Two Years with Pope FrancisMarch 13 marks the second anniversary of the day the College of Cardinals surprised the world by electing, as pope, a Jesuit from Argentina. Two years on, what effect has this Argentine pope had on the wider church?
The 78-year-old pontiff came to his new job with an acute awareness that there were two things that needed to change. First, the Church needed a spiritual renewal if it hoped to be a credible witness to the Gospel. Second, the Vatican was in desperate need of institutional reforms.
Pope Francis has admitted he didn’t plan on addressing the reform of the Vatican so soon in his pontificate, but it became unavoidable. Under his tenure two new bodies were created for financial and administrative oversight: the Secretariat for the Economy and the Council for the Economy. The new offices have jurisdiction, respectively, over the curia, and all Vatican offices (including Vatican City State.) These bodies along with the Vatican Bank and the Financial Information Authority have brought in lay professionals with extensive experience in these fields.
On the curial front, while there is still no draft of the new constitution for the Roman Curia, changes are being implemented bit by bit and several dicasteries already know what place their office will have in the revamped curia.
But Pope Francis’ top priority is the spiritual renewal of all the Church’s members. That’s why he celebrates Mass every morning with Vatican employees, delivering a short, informal homily that gets sent out around the world via Vatican media outlets.
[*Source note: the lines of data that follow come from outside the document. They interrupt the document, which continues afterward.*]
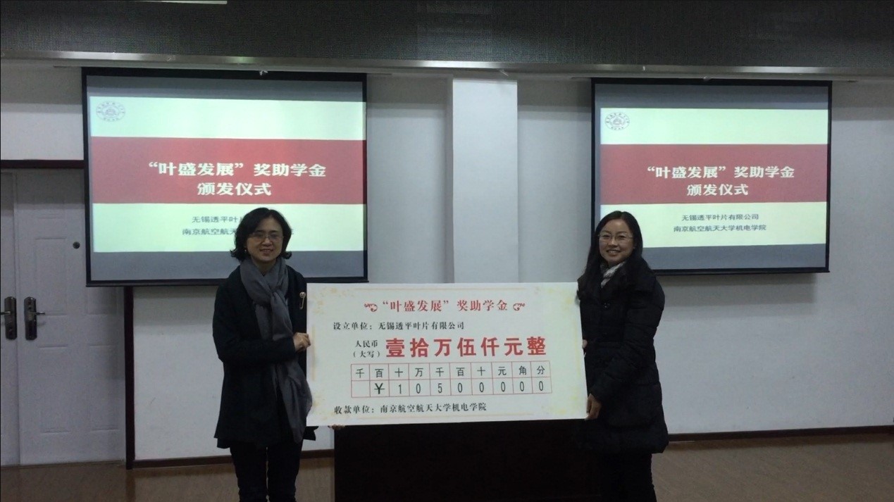 2015年11月26日上午10点色情动漫 在明故宫校区举行2014-2015年度 “叶盛发展”企业奖助学金发放仪式。设立单位无锡透平叶片有限公司人力资源与党群部陈纯部长、人力资源部孙珂、色情动漫 党委副书记许赞、各年级辅导员以及获奖学生代表出席了会议。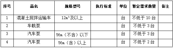 運輸數量:預拌混凝土暫估為年產(chǎn)40萬(wàn)m3;自有設備:自中標之日起至2023年1月30日前必須在商砼分公司安排10臺以上符合國家標準GB/T26408-2020《混凝土攪拌運輸車(chē)》、適應政府限載、環(huán)保、安全要求的12方及以上混凝土攪拌車(chē)和2臺天泵24小時(shí)駐站承運混凝土,之后的運載能力應滿(mǎn)足生產(chǎn)運輸需要。投標人必須提供車(chē)輛登記證書(shū)以證明車(chē)輛所有權歸投標人或投標關(guān)聯(lián)人,投標關(guān)聯(lián)人需提供授權委托書(shū)。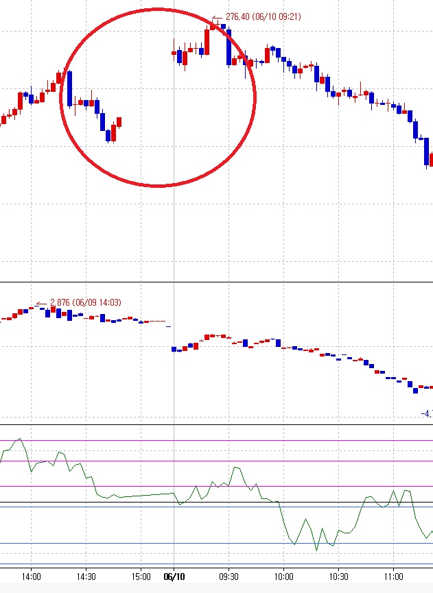 그렇게 되면 챠트에서는 6월9일 2시50분이후부터 다음날 장 시작까지는 공백이 되게 됩니다.(그림1)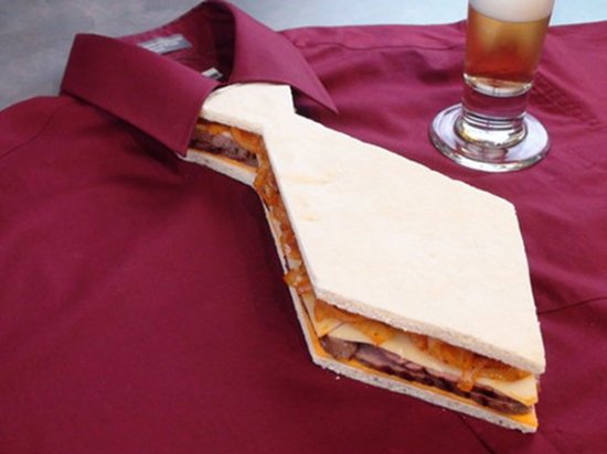 Behold the “Dadwich,” a grilled steak, swiss, cheddar and fried onions sandwich cut into a fashionable tie. Served on a tasteful red shirt with what appears to be a tall frosty one, it’s sure to make any paterfamilias proud. Now if I could just get one in a Windsor knot.
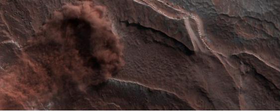 “每年春天,太陽(yáng)照射在火星北極層疊層的一側,其被稱(chēng)為北極層狀沉積物,” 行星科學(xué)家 Candy Hansen 寫(xiě)道。“暖和使冰塊變得不穩定并開(kāi)始松動(dòng)。”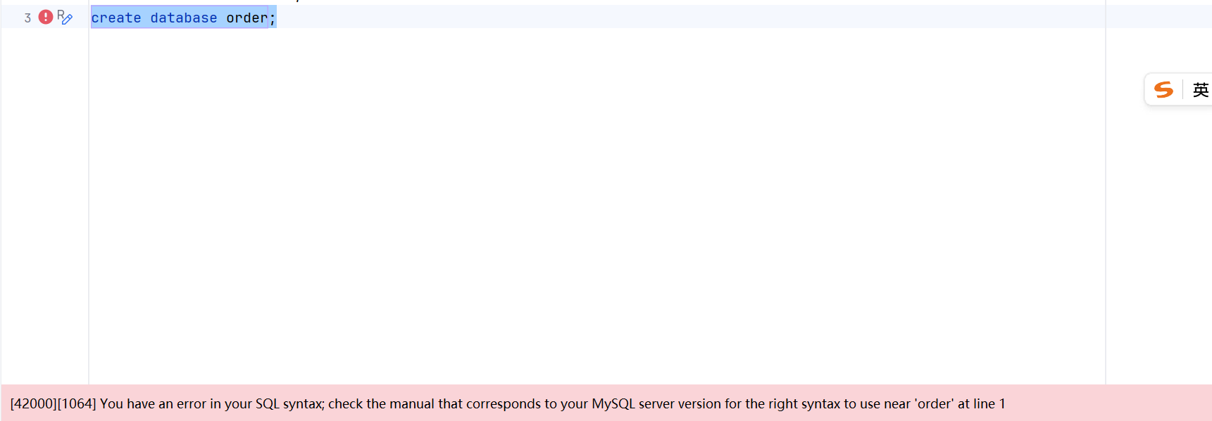 创建的数据库的名字不能和SQL的关键字重合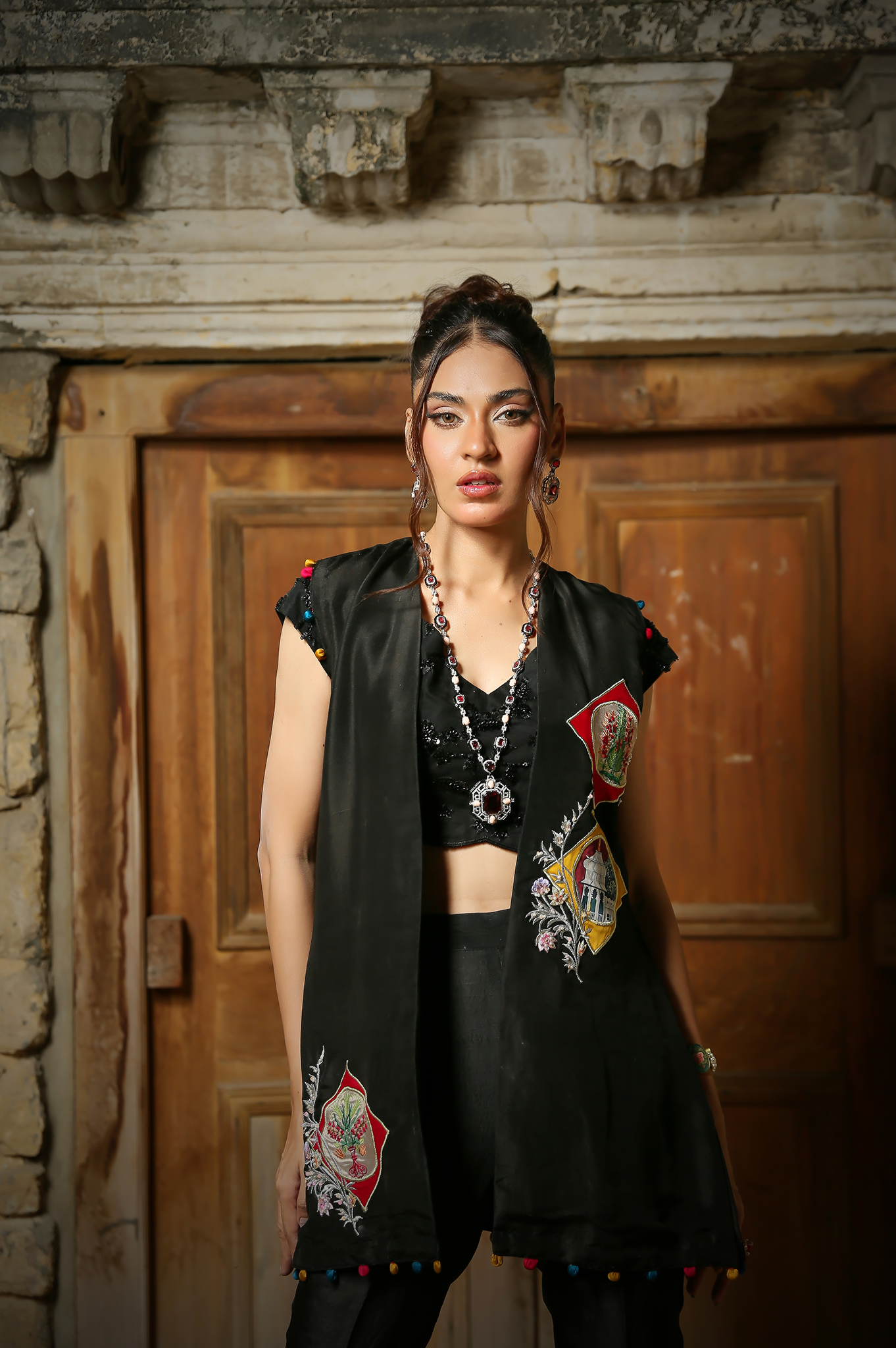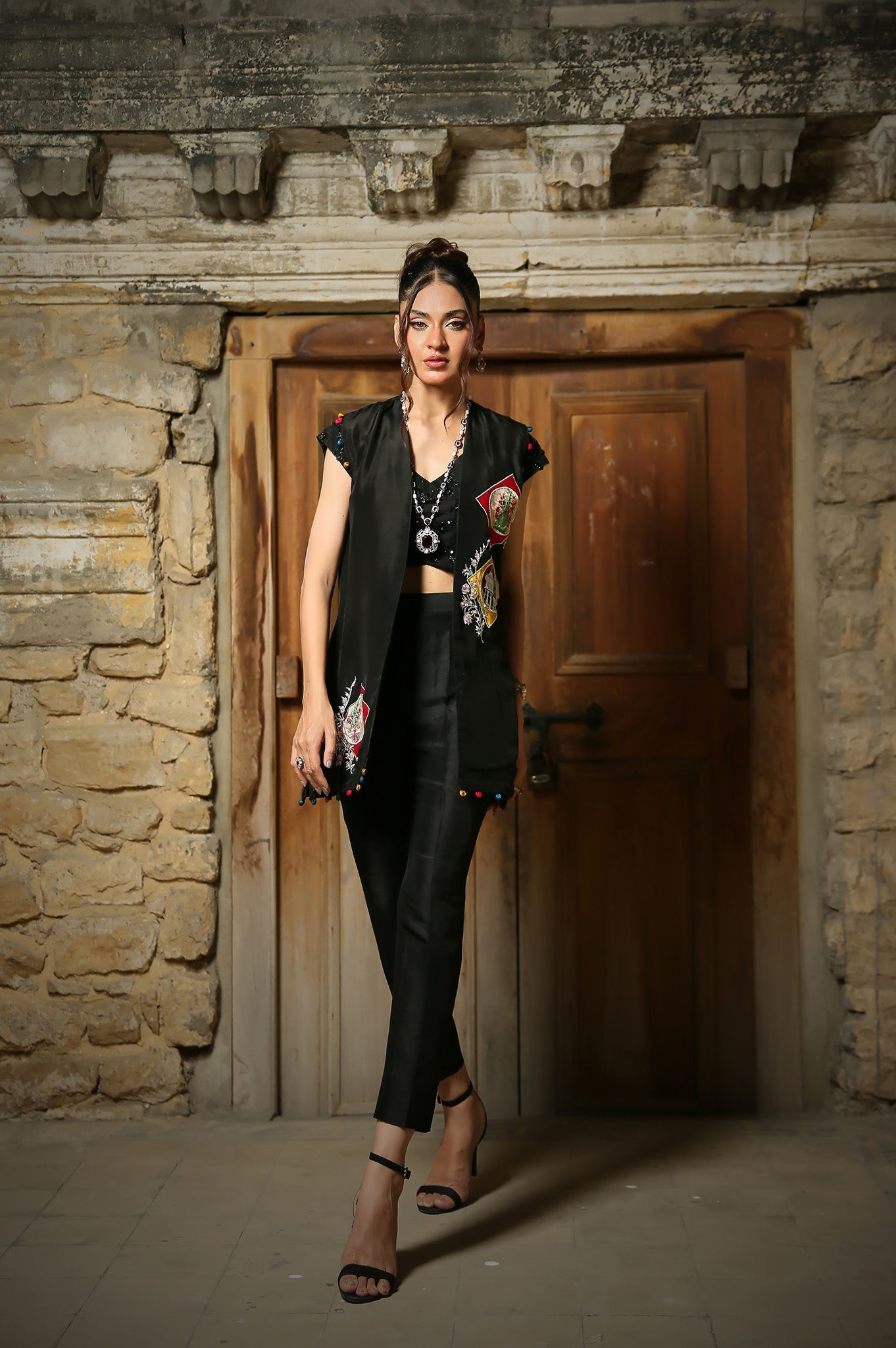 Make a striking fashion statement with our Mahi ensemble, meticulously crafted from premium raw silk. This sleek black set is designed to turn heads, combining modern chic with ethnic detailing. The tailored silhouette exudes a refined yet bold style, perfect for those who appreciate subtle luxury. The sleeveless open-front jacket is adorned with vibrant embroidered patches and playful multicoloured pom-poms along the edges, offering a fresh, creative contrast to the minimalistic black backdrop. The slim-fit pants and cropped top create a balanced and sophisticated look, while the intricate patchwork embroidery adds a hint of traditional artistry. The raw silk fabric enhances the richness of the outfit, making it ideal for women who seek comfort without compromising on elegance.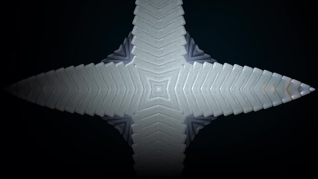 Abstract 3d render waves flow towards central steel cross. Chrome plated geometric tracery in futuristic industrial decoration. Modern corrugated structure with rotation.
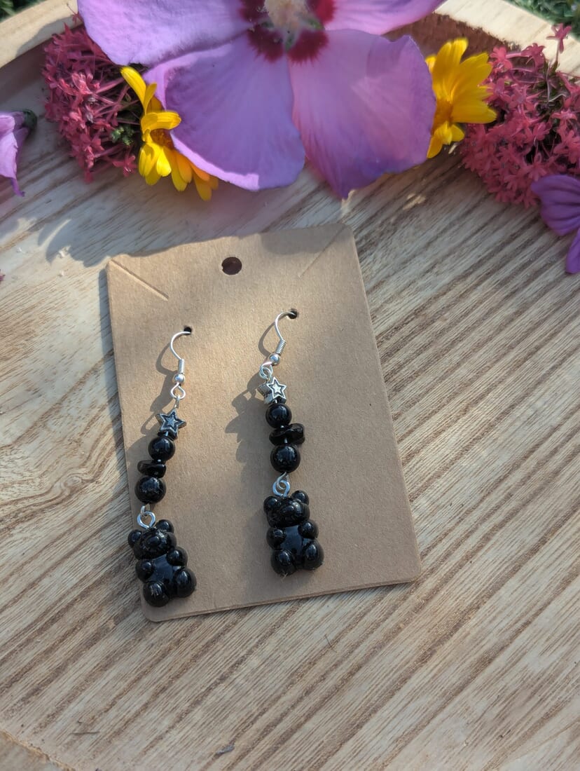 Upgrade your style with these Black Gummy Bear and Silver Handmade Earrings and let your playful side shine!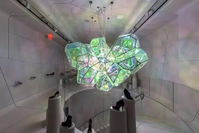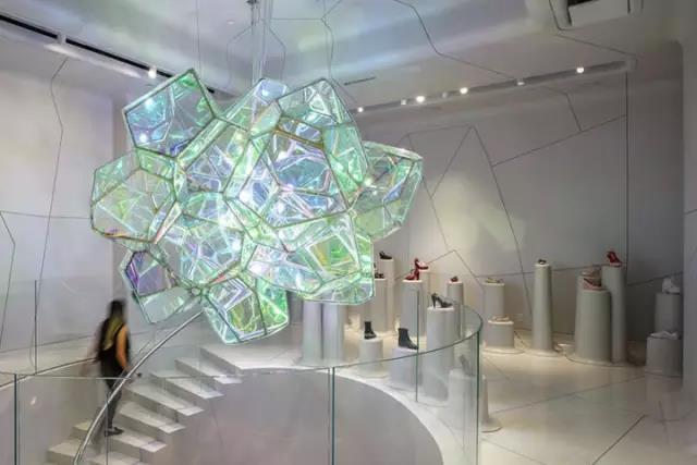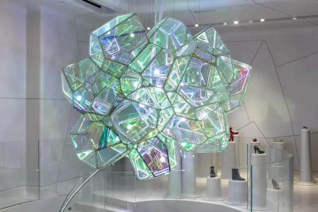 這件作品是SOFTlab與Melissa合作為其紐約曼哈頓門店設(shè)計(jì)的主題為“ Star Walker ”的裝置作品,為顧客營造出了一個(gè)賞心悅目的購物環(huán)境。裝置是由水晶制成,每一塊都好似水晶的切割面,閃爍著五彩的光暈。這些水晶裝置分布在店內(nèi)不同的地方,都是由天花板垂下,遠(yuǎn)看就像是萬花筒中的琉璃花。

This is also why he keeps insisting on a couple of things. One: whenever he can he urges people to read the Gospel. He has repeatedly advised carrying a pocket-size book of the Gospels to read for a few minutes every day, even if it's on the bus to work. The pope has gone so far as to have books distributed to the faithful during the Angelus.
Staying true to the keyword of his pontificate, “mercy,” Pope Francis announced a Jubilee Year for Mercy that will begin December 8, 2015 (which just happens to be the 50th anniversary of the close of Vatican II.) If there is anyone who has not yet been moved to the confessional by Pope Francis’ words on God’s mercy, they probably will be during the Jubilee Year.
The other powerful element has been the normalcy of this pope. He speaks plainly, in language that is, for the most part, easily understandable and to the point. People connect with him because they understand instantly what he’s trying to say and why. Similarly, when he takes action he doesn’t do huge extraordinary things. He does normal everyday things that are huge in that he is doing them or because of the context in which they are done. For instance, making a phone call to a person in need of some spiritual counselling becomes headline news because it’s the pope making phone call.